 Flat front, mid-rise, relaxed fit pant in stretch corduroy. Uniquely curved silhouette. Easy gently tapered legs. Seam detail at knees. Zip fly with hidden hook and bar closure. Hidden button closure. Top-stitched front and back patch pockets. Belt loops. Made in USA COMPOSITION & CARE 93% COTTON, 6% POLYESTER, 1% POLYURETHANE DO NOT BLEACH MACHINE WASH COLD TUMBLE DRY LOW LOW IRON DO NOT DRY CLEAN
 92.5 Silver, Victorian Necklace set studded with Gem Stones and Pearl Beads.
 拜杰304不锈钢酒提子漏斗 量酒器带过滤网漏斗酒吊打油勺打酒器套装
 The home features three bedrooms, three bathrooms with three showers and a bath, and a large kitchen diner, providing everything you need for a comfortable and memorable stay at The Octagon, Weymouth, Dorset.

...

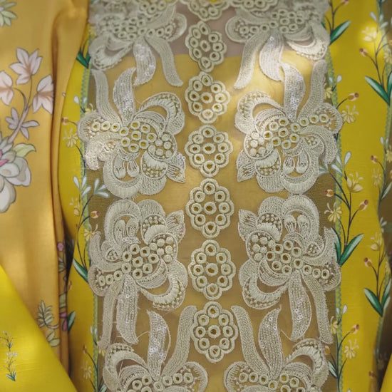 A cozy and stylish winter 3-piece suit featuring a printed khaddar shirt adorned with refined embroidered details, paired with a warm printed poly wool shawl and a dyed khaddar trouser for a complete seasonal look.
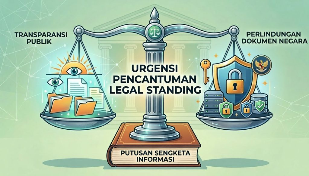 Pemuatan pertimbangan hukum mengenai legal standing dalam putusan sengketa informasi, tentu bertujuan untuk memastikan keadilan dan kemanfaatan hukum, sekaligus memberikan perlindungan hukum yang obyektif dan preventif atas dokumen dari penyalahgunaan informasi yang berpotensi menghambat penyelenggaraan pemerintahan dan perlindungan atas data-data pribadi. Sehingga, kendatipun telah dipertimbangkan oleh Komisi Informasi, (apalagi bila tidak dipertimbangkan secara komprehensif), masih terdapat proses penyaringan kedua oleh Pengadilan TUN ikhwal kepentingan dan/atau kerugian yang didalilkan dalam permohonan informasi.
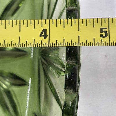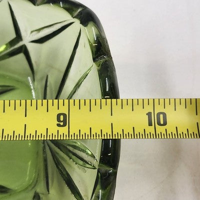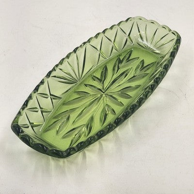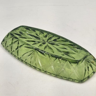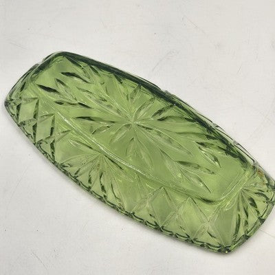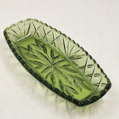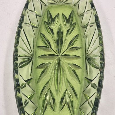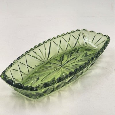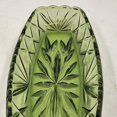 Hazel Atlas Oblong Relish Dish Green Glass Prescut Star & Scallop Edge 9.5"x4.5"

...

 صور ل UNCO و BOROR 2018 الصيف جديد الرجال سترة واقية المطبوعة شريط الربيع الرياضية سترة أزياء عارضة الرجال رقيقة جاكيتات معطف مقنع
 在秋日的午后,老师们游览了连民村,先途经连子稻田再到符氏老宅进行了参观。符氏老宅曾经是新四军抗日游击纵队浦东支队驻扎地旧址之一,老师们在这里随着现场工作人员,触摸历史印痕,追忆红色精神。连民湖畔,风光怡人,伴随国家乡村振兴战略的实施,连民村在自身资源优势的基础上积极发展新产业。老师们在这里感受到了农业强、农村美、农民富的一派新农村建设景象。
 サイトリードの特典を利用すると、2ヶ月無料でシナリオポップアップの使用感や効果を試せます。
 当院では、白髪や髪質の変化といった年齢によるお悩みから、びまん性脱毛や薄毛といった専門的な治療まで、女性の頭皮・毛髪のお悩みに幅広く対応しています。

_Exercise objective_
Reproduce, exactly as they stand in the data above, the lines from the one that holds "サイトリードの特典を利用する" to the one that holds "当院では、白髪や髪質の変化と", inclusive.

_Output_
 サイトリードの特典を利用すると、2ヶ月無料でシナリオポップアップの使用感や効果を試せます。
 当院では、白髪や髪質の変化といった年齢によるお悩みから、びまん性脱毛や薄毛といった専門的な治療まで、女性の頭皮・毛髪のお悩みに幅広く対応しています。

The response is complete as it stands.